You mean, thanks to Rare.


----------



## WolfoxOkamichan (Nov 17, 2008)

Cheesewulf said:


> coz it's sexier than a simple skinny Wolf D:



Truer words have never been spoken. :O



TyVulpine said:


> If it wasn't for Miyamoto, the video game industry would still be dead, or at the very least not nearly as advanced as it is today.



1) The Video Game Drought thing wasn't affecting Japan much.
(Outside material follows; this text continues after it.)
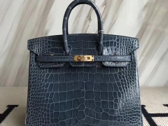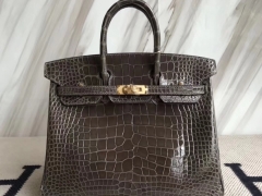 Hermès(爱马仕)Birkin25cm Alligator shiny 亮面鳄鱼 88 石墨灰 Graphite 金扣

2) Marie Curie fallacy. (It's fallacy - i.e. if it weren't for Marie Curie, we wouldn't have discovered radium.)



TyVulpine said:


> You mean, thanks to Rare.



Umm... If Miyamoto wouldn't have intervened, DP would be created, and it would get less hate.


----------



## Ty Vulpine (Nov 17, 2008)

WolfoxOkamichan said:


> 1) The Video Game Drought thing wasn't affecting Japan much.
> 
> 2) Marie Curie fallacy. (It's fallacy - i.e. if it weren't for Marie Curie, we wouldn't have discovered radium.)
> 
> ...



We would have still discovered radium, no doubt, just at a later time. As for DP getting "less hate", that's debatable, since we'll never know for sure. At best, it would have been a mediocre game.


----------



## WolfoxOkamichan (Nov 17, 2008)

Apparently it will be like SFA, except less Zelda and more platforming.


----------



## TwilightV (Nov 17, 2008)

I saw the trailer for DP. It seemed just like SFA only:

1. No spacecrafts.
2. Krystal was another species altogether.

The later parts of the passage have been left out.